South Africa's shocking and ongoing DTT drama has made it the laughing stock of the world's TV and IT industry for its inability to move forward, with the country which will miss the internationally agreed deadline to complete the switch by June this year - an international deadline from the International Telecommunications Union (ITC).

It will take South Africa at least three to five years to complete the switch once the commercial process of DTT starts, and with less than two months before the deadline to complete the switch, South Africa hasn't yet started.

It will cost South Africa billions with millions of South African TV households who will have to pay around R700 to R800 each to buy a new STB to continue to receive TV signals, a switch experts are describing as the next looming e-tolls scandal.

Only the poorest of households will be subsidised and the South African government wants to use the South African Post Office to distribute the STB.

Serious questions are being raised over the dramatic underfunding and DTT budget shortfall, with experts asking where the billions of rand will be coming for to enable to subsidising of STBs the government envisions.

With all these ongoing DTT issues swirling, e.tv, the Sabido-run free-to-air broadcaster, is still adamant that it wants the STBs to have the ability to encrypt broadcast signals and wants a control system in the boxes to be made mandatory.

e.tv considers it essential to be able to encrypt its broadcast signal "primarily because this would prevent non-compliant STBs from receiving digital broadcast signals, thereby ensuring a uniform and reliable viewing experience".

e.tv says without this, it is unlikely that e.tv in the future will be able to offer high definition (HD) TV channels.

The SABC, MultiChoice which runs DStv, M-Net and community TV stations in South Africa doesn't want it. Earlier this year Faith Muthambi said STBs won't run encrypted TV signals and that the STB control system shall be non-mandatory.

e.tv is now taking Faith Muthambi to court, and will argue that it is unlawful for Faith Muthambi to "make decisions on certain key critical technical issues that affect free-to-air broadcasters".

"The minister and cabinet have repeatedly stated that they wished to respect the right of individual broadcasters to decide for themselves whether to encrypt their signals. However the effect of the policy is precisely the opposite," says Mark Rosin, e.tv's chief operating officer (COO).

"What e.tv seeks to ensure is that the broadcasting digital migration policy does not prevent us making our own decision regarding encryption of our broadcast signal".

"In one provision the minister purports to allow broadcasters the right to make their own decisions on the question of encryption.
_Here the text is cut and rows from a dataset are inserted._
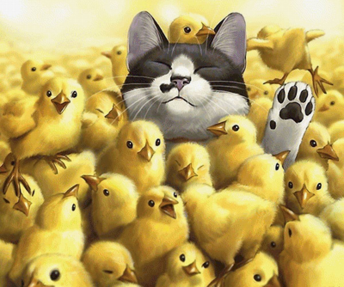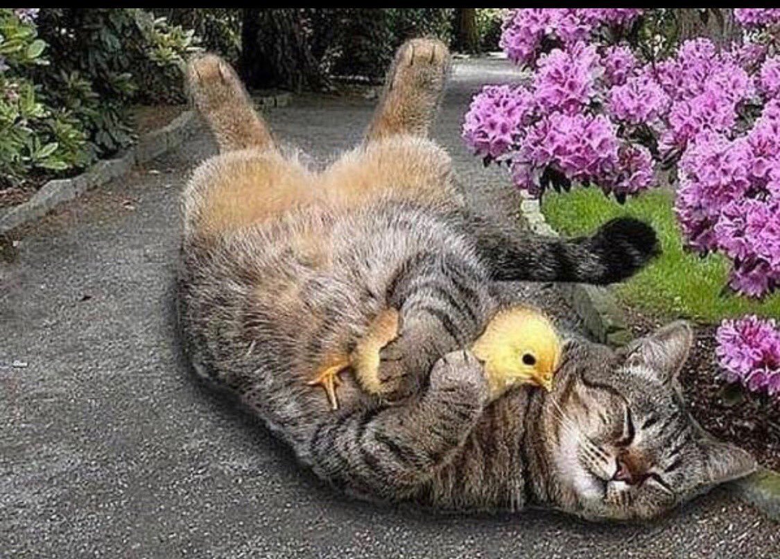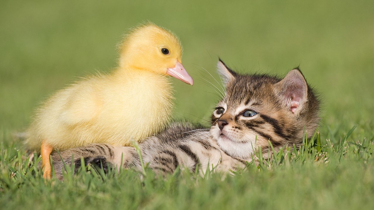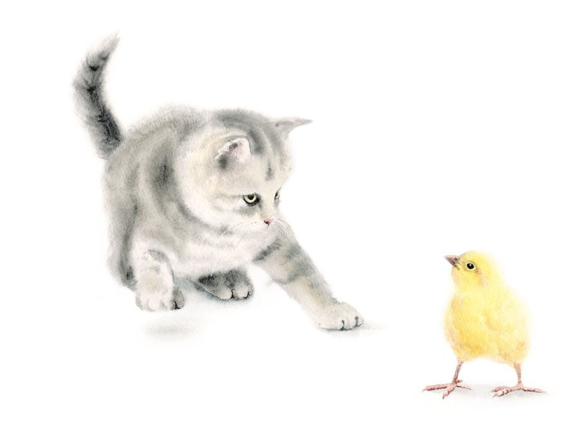 Фото: Котенок и цыпленок
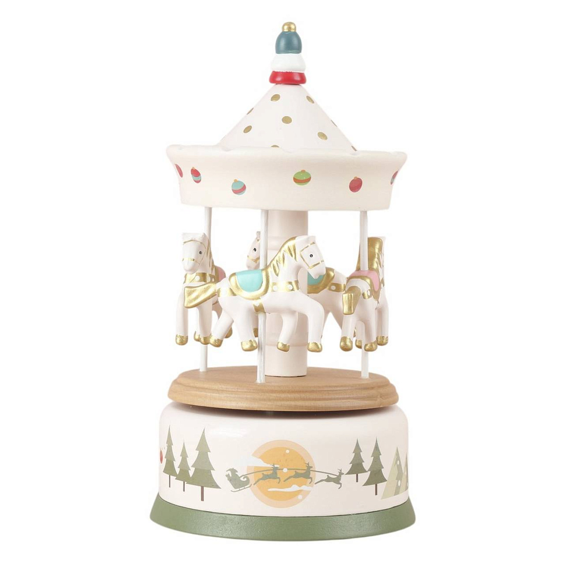 Музыкальная карусель Happy Horses. Подарите малышу волшебные моменты перед сном с нашей очаровательной каруселью. Нежная, успокаивающая мелодия расслабляет и помогает легко и быстро уснуть. Карусель способствует развитию музыкального слуха и вкуса. Изготовлена из натурального дерева, имеет безопасные скругленные края и надежную конструкцию. Простой механизм запускается одним движением руки. Карусель плавно вращается по кругу, создавая магическую атмосферу. Работает без батареек. Лаконичный дизайн прекрасно дополнит интерьер детской комнаты. Карусель Happy Horses – это не только полезный аксессуар, но и трогательный подарок на праздник.
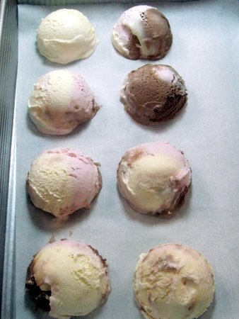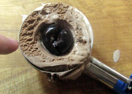 You can leave the scoops plain or for an extra special treat, you can fill them with another ice cream flavor or in this case, fresh plump cherries (pitted, please).

But in another adjacent provision, the minister renders this right entirely nugatory and meaningless by stating that the 5 million government subsidised STBs shall not have the capacity to encrypt," says Mark Rosin.

"e.tv also accepts that it is important that the digital migration process begin and conclude as soon as possible so that the benefits of the digital migration process can be realised."

"For that reason e.tv contends that it is important that finality be obtained as soon as possible on the lawfulness of certain provisions and that its application must therefore be dealt with as one of urgency".